Долго молчали, сидя рядом, думая об одном и том же. Но если он чувствовал себя как бы облегченным тем, что сказал ей, то она не знала, как говорить дальше, до того было больно разбивать все до конца.

— Не говори, — попросил он снова.

— Как не говорить? Надо. Может быть, и не уйдешь ты от меня, а я вперед вижу, что все равно этого бояться буду. За все, что со мной было, буду себя виноватой чувствовать, как вот перед Витей сейчас… Ну, да не обо мне речь. А вот как черненьких-то своих оставишь?

— Не говори! — И уронил голову в ее колени. — Жизнь-то у меня только одна и у тебя тоже.

Она погладила его волосы, такие же, как у сына. Посмотрела на небо: переливались звезды, играли, как вчера. Господи, может, не надо? Пусть будет, как будет. И верно — один раз живем. Чего тут думать — и себя, и его мучить. Но вспомнила: «А Витюшка как? Думаешь о нем?» И до боли сжав лицо ладонями, как будто сжала свое сердце, прогнала сомнение.

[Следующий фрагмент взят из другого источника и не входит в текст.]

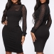 Sexy See-through Lace Spliced Long Sleeve Slim Fit Dress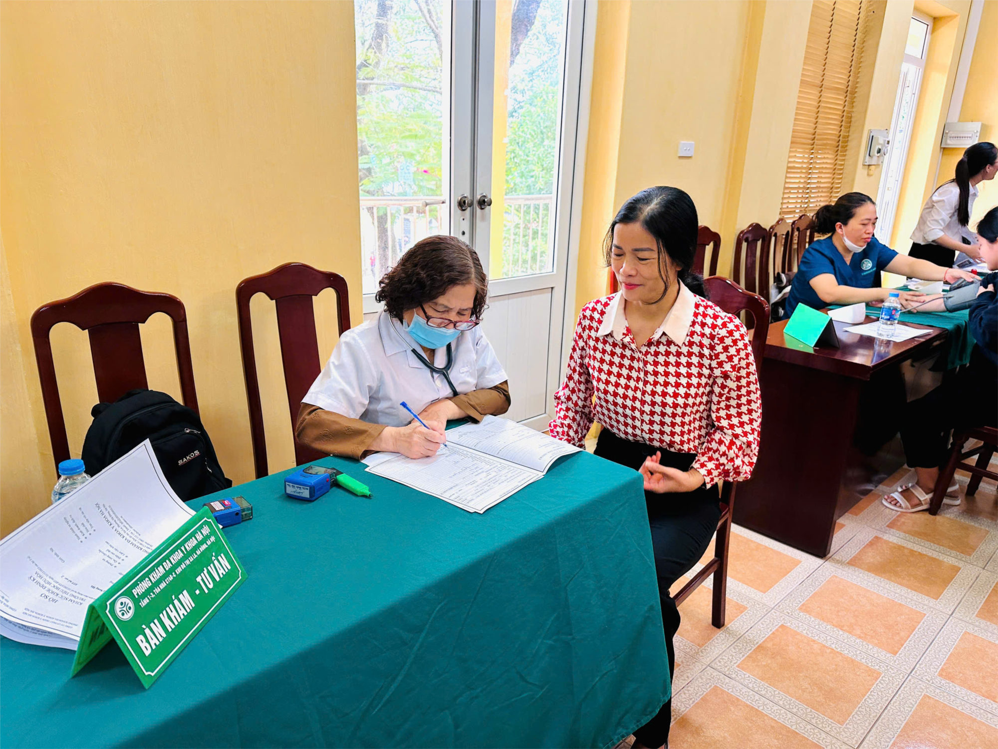Xuyên suốt buổi khám sức khỏe, đội ngũ y bác sĩ tận tình tư vấn, giải đáp mọi thắc mắc về sức khỏe và hướng dẫn CB-GV-NV cách duy trì thể trạng tốt trong quá trình làm việc và giảng dạy, từ đó tạo cảm giác thoải mái cho từng thành viên.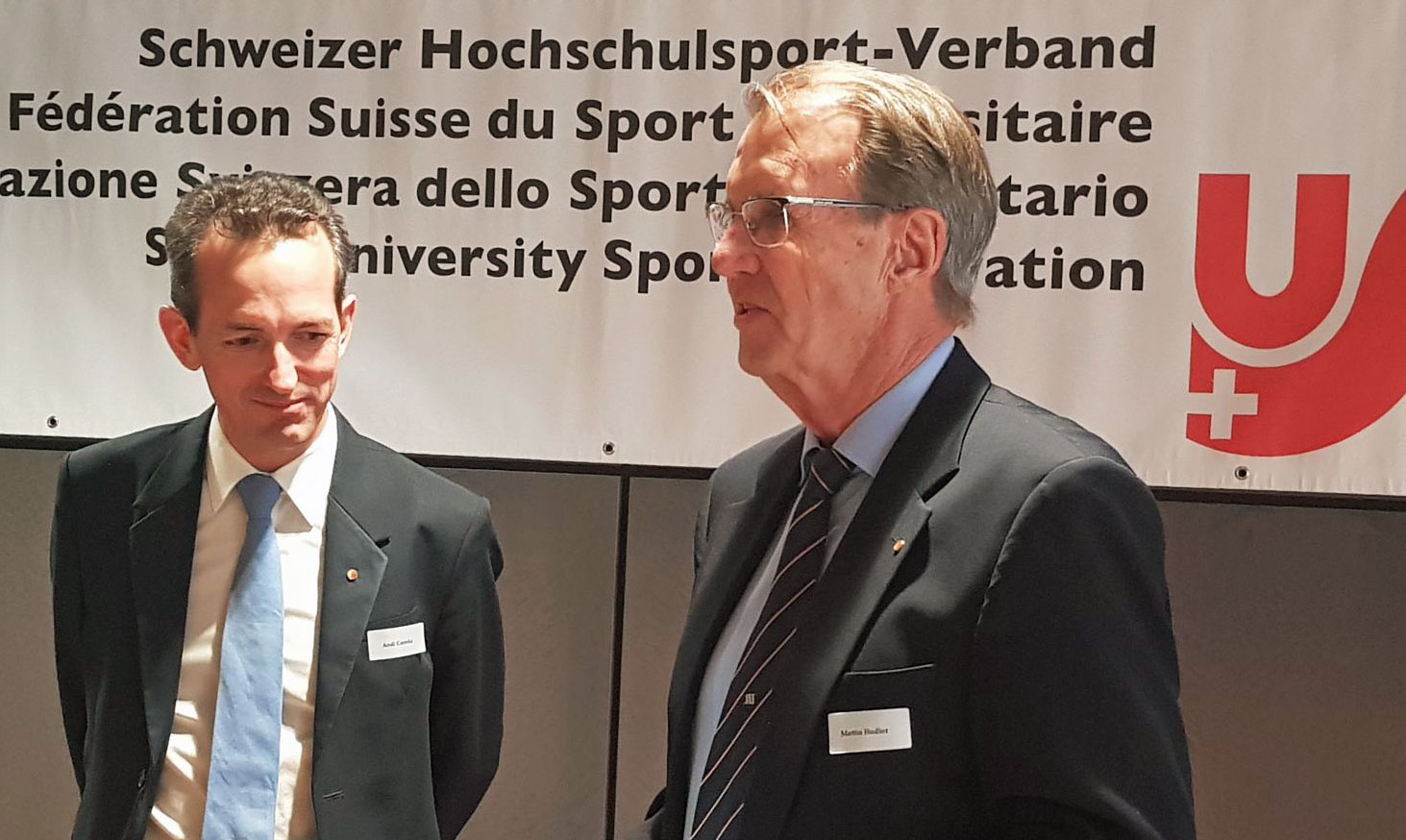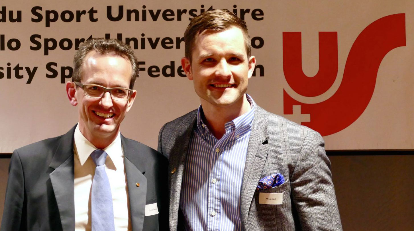 New Honorary Member Andreas Csonka (left) with the new President of Swiss University Sports, Mike Kurt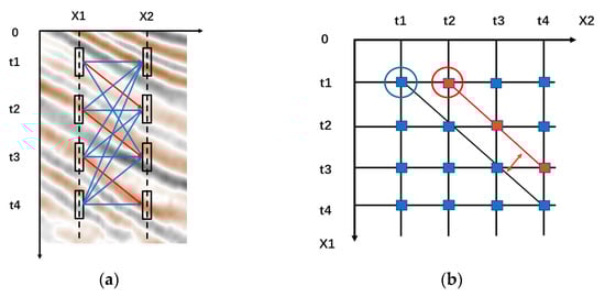 After sampling the original seismic data, a regularized sample space is obtained. In the sample space, the two neighboring seismic traces, X1 and X2, are selected, and the correlation between each point in X1 and each point in X2 is calculated. The arrows in Figure 1a represent the different connections, and the different matching relationships can be seen in Figure 1b. The blue squares inside the blue circles in Figure 1b represent the correlation value between the seed point of X1 at t1 and the seed point of X2 at t1, and the red squares inside the red circles represent the correlation value between the seed point of X1 at t1 and the seed point of X2 at t2. There are two lines in Figure 1b representing the different matching paths between the seed points contained in X1 and X2.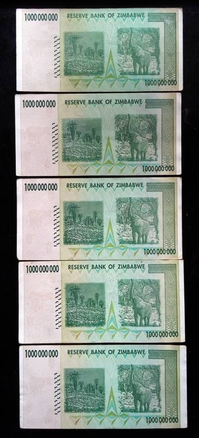 ZIMBABWE 2008 ONE BILLION DOLLARS AA PREFIX NOTES (5 NOTES)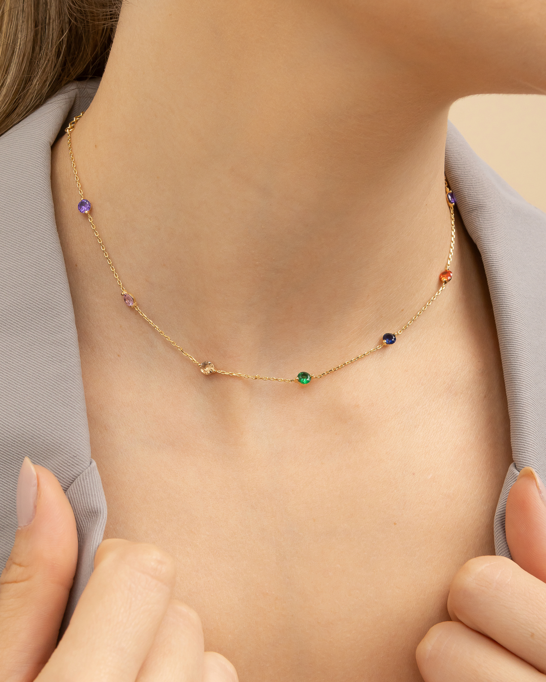 Colar delicado com zircônias coloridas espaçadas folheado a ouro 18K hipoalergênico. Semijoias finas de qualidade e design diferenciado você só encontra na Stilla. Um colar delicado e fácil de combinar com seus looks.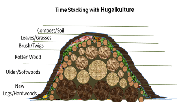 วิธีการก็คือ ใช้ท่อนซุงหรือพวกกิ่งไม้ เศษใบไม้ใบหญ้าต่าง ๆ มากองสุมเป็นฐานและก่อเป็นแปลงผักให้สูงขึ้นเพื่อใช้ในการปลูกผักหรือทำประโยชน์ต่าง ๆ ด้านการเกษตรอินทรีย์ ซึ่งประโยชน์ของการปลูกผักโดยวิธีนี้ คือ พืชผักที่เราปลูกนั้นจะได้รับสารอาหารจากกิ่งไม้เศษไม้ที่นำมากองสุม ๆ เอาไว้และถูกย่อยสลายด้วยธรรมชาติ เป็นการช่วยให้อาหารและความชื้นตามธรรมชาติ โดยแปลงเกษตรแบบนี้แทบจะไม่ต้องรดน้ำเลย หรือใช้น้ำน้อยมากในการรดน้ำให้พืชผักประสิทธิภาพที่จะได้สำหรับการปลูกผักบนคันดิน หรือการทำคันดินปลูกผักด้วยวิธี Hugelkultur นี้คือเราจะต้องทำให้แปลงผักกองสุมนี้ให้สูงและกว้าง ยิ่งสูงมาก กว้างมาก ก็ยิ่งไม่ต้องเปลืองน้ำกันมากแต่ขอแนะนำให้เอาไม้หรือซากพืชที่สามารถย่อยสลายได้ในระยะเวลาสั้น ๆ นะครับ หากนำไม้สดมากองสุม ๆ กันอาจต้องใช้เวลาเป็นปีเพื่อจะได้แปลงผักแบบนี้ แต่รับรองว่า ทำแล้วจะได้แปลงผักที่ไม่ต้องรดน้ำชุ่มไปอีกนานเลยทีเดียว ข้อมูลระบุว่าการทำแปลง Hugelkultur 1 ครั้งสามารถใช้งานได้ยาวนานเกิน 10 ปี เอาไปลองกันเลย ผู้เขียนคิดว่าหากนำวิธีนี้มาจัดสวนล่ะก็ สวนจะอยู่กับเราไปอีกหลายสิบปีเลยทีเดียว ที่สำคัญไม่ต้องรดน้ำพรวนดินบ่อย ๆ ดีมาก ๆ เลย
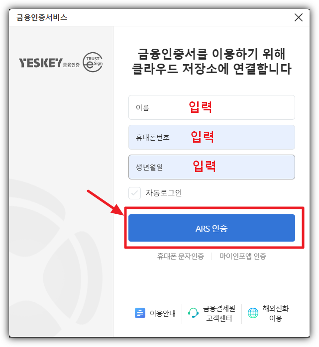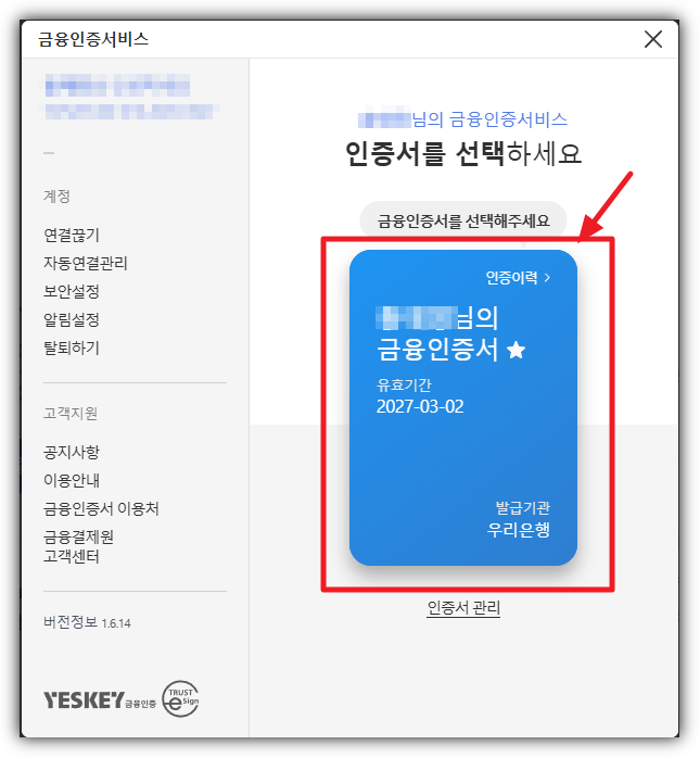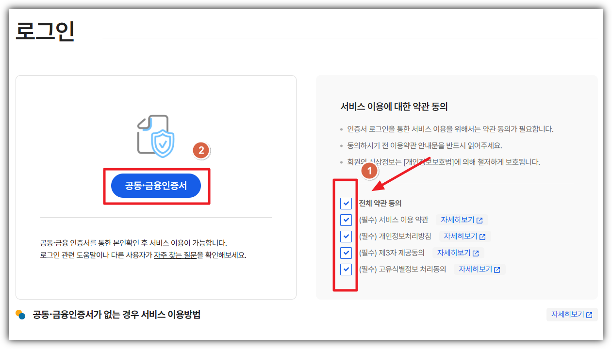 공동 또는 금융 인증서로 로그인 합니다. 저는 금융 인증서로 진행했습니다.

— Как же дети-то, Степан? Ведь и у них одна жизнь… долго ли ее им испортить. Ну, у Вити нет отца, так он о нем и не думает. А твоим-то каково будет? Был отец, да вдруг ушел, бросил их, Степ?! Не обижайся, но и для Витеньки-то лучше пусть уж совсем отца не будет, чем такой, который двух детей бросил… — И чуть не вскрикнула, так резко он оттолкнул ее руки и поднял голову.

— Не нужен я тебе, вот что! Говоришь, как играешь, самым больным. Не любишь ты…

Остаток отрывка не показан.